According to the Bloomberg Billionaires Index, Musk’s wealth stood at about $336 billion as of the market’s close on Wednesday, although measuring his exact wealth —including stakes in his privately held companies and the undiscounted value of his Tesla shares—is difficult to precisely determine.

The overall list this year contained 387 new billionaires, while 177 dropped off the list—more than 80 of which were from China, Hurun said. “China’s economy is continuing to restructure, with the drop-offs coming from a weeding out of healthcare and new energy and traditional manufacturing, as well as real estate,” Hoogewerf said in the release.

Among those who wealth sank was Colin Huang, the founder of PDD Holdings —the parent company of e-commerce platforms Temu and Pinduoduo—who lost $17 billion.
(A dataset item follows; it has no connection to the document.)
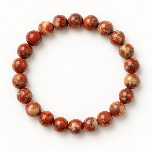A composition of Flower Poppy Jasper from California’s Morgan Hill region reveals natural quartz and feldspar inclusions that form poppy-like patterns. Valued for its vitality and grounding strength, it embodies resilience, perseverance, and enduring beauty.
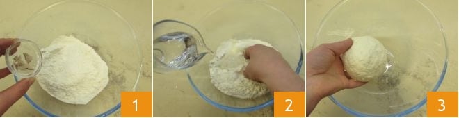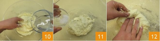 amasse todos os ingredientes, adicionando a água aos poucos 10. Quando a mistura estiver homogênea, adicione o sal 11, continue amassando até que seja absorvido, então transfira a massa para uma superfície ligeiramente enfarinhada com farinha de sêmola 12

Also, Zhong Shanshan, the founder and chair of the Nongfu Spring beverage company and the majority owner of Beijing Wantai Biological Pharmacy Enterprise , lost $8 billion from “intensifying competition” in the market for bottled water. The loss knocked Zhong from his top rank in China, which is now held by Zhang Yiming founder of Tik-Tok owner Bytedance. Zhang is ranked No. 22 overall.

Hurun’s top 10 billionaires is a familiar group of largely U.S. individuals including Jeff Bezos, Mark Zuckerberg, and Larry Ellison. The list has France’s LVMH CEO Bernard Arnault in seventh place, three notches down from his fourth ranked spot on the Bloomberg list, reflecting a slump in luxury products last year.

Nvidia CEO Jensen Huang is ranked No. 11 on Hurun’s list as his wealth nearly tripled to $128 billion through Jan. 15. Other AI billionaires found lower down on the list include Liang Wenfeng, 40, founder and CEO of DeepSeek, with wealth of $4.5 billion and Sam Altman, CEO of OpenAI, with $1.8 billion.

Also making the list were musicians Jay-Z ($2.7 billion), Rihanna ($1.7 billion), Taylor Swift ($1.6 billion), and Paul McCartney ($1 billion). Sports stars included Michael Jordan ($3.3 billion), Tiger Woods ($1.7 billion), Floyd Mayweather ($1.3 billion), and LeBron James ($1.3 billion).

Wealth continues to surge across the globe, but Hoogewerf noted those amassing it aren’t overly generous.

“We only managed to find three individuals in the past year who donated more than $1 billion,” he said. Warren Buffet gave $5.3 billion, mainly to the Bill and Melinda Gates Foundation, while Michael Bloomberg —ranked No. 19 with wealth of $92 billion—gave $3.7 billion to various causes. Netflix founder Reed Hastings, ranked No. 474 with wealth of $6.2 billion, donated $1.1 billion.